Nelson-Atkins Mourns Death of Estelle Sosland

Kansas City, MO April 17, 2021 – The Nelson-Atkins Museum of Art joins the Kansas City community in mourning the loss of Estelle Sosland, who died Friday, April 16. Sosland was a volunteer and leader at the museum for more than 50 years, serving as the museum’s first woman trustee and as Chair of the Board of Trustees from 2007 to 2009. She and her late husband, Morton Sosland, were pivotal supporters and benefactors, demonstrating a passionate commitment to the Nelson-Atkins.

“This is a great loss for the community,” said Richard C. Green, Chair of the Nelson-Atkins Board of Trustees. “Estelle was someone I admired enormously. She was a true trailblazer, having been the first woman to become the Chair of the Board at the museum. She has left an indelible print on the museum.”

Sosland was Chair of the museum’s Board of Trustees from May 2007 through April 2009. She worked in many capacities at the Nelson-Atkins, as trustee and chair of the Committee on Collections, a group that reviews acquisitions and gifts of works of art to the museum.

“Estelle was very well informed, and her sense of people, diplomacy and relationships made her an extremely good connecter,” said Julián Zugazagoitia, Director & CEO of the Nelson-Atkins. “She has been a loyal and generous friend to the Nelson-Atkins for many years. She will be greatly missed.”

The Soslands were responsible for the 1994 gift of the Museum’s iconic Shuttlecocks, a four-part commissioned work by artists Claes Oldenburg and Coosje van Bruggen.

In 2018, the Hall Family Foundation commissioned the installation of Walking Wall by acclaimed artist Andy Goldsworthy in honor of the Soslands and their passionate support of art. The wall was built over a period of five installments in 2019, moving from the east side of the museum to its permanent location, where it appears to move from outside the Bloch Building to inside the Gallery Walk.

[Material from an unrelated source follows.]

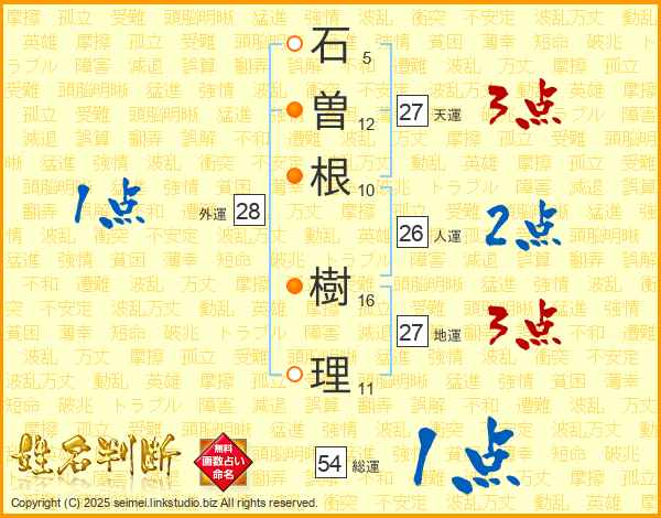 石(5画)曽(12画)根(10画) 樹(16画)理(11画)
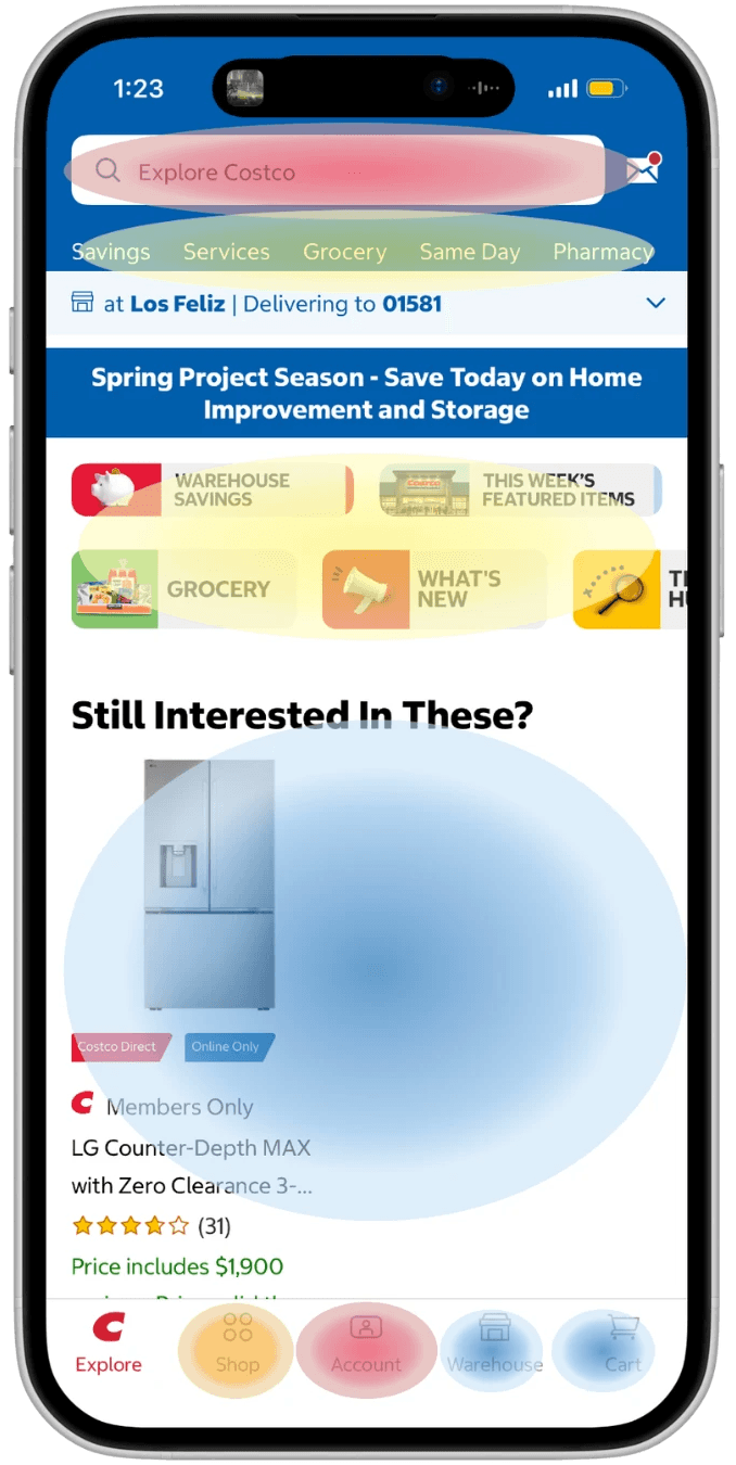 The redesign was also informed by heatmap data. The existing homepage was organized around category sections — Savings, Grocery, Same Day, Travel — that showed consistently low tap density. Members were scrolling past them, not through them. This confirmed that the homepage wasn't actually serving the most common reasons people open the app.

For many years, Sosland worked in the museum’s Sales and Rental Gallery, which featured the work of regional artists and offered works of art for sale or rent at a time when Kansas City had few fine arts galleries.

The Soslands gave one of the nation’s finest private collections of American Indian art to the Nelson-Atkins. The Northwest Coast masterworks were unveiled in the American Indian art galleries, which opened in 2009. The Soslands were also instrumental in the seminal exhibition of 1977 at the Nelson-Atkins, Sacred Circles, which generated a new understanding of the artistry of Native Americans. This legacy came full circle with the 2014 opening of The Plains Indians: Artists of Earth and Sky in Paris, which united the finest Plains Indians masterworks from European and North American collections. The exhibition then travelled to Kansas City and The Metropolitan Museum in New York.

For media interested in receiving further information, please contact:
Toni Wood, Vice President, Marketing & Communications
The Nelson-Atkins Museum of Art
twood@nelson-atkins.org


Estelle and Morton Sosland (center, and right) admire a work of art with Ralph “Ted” Coe, former director of the Nelson-Atkins. All held a lifelong passion for Native American art.

Estelle and Morton Sosland, photographed in their home in 2009, were responsible for commissioning artists Claes Oldenburg and Coosje van Bruggen to create the Shuttlecocks in 1994.

Artist Andy Goldsworthy’s year-long project Wall was created in honor of the Soslands. In December 2019, Estelle and the Sosland family had a special view of the final stage inside the Bloch Building.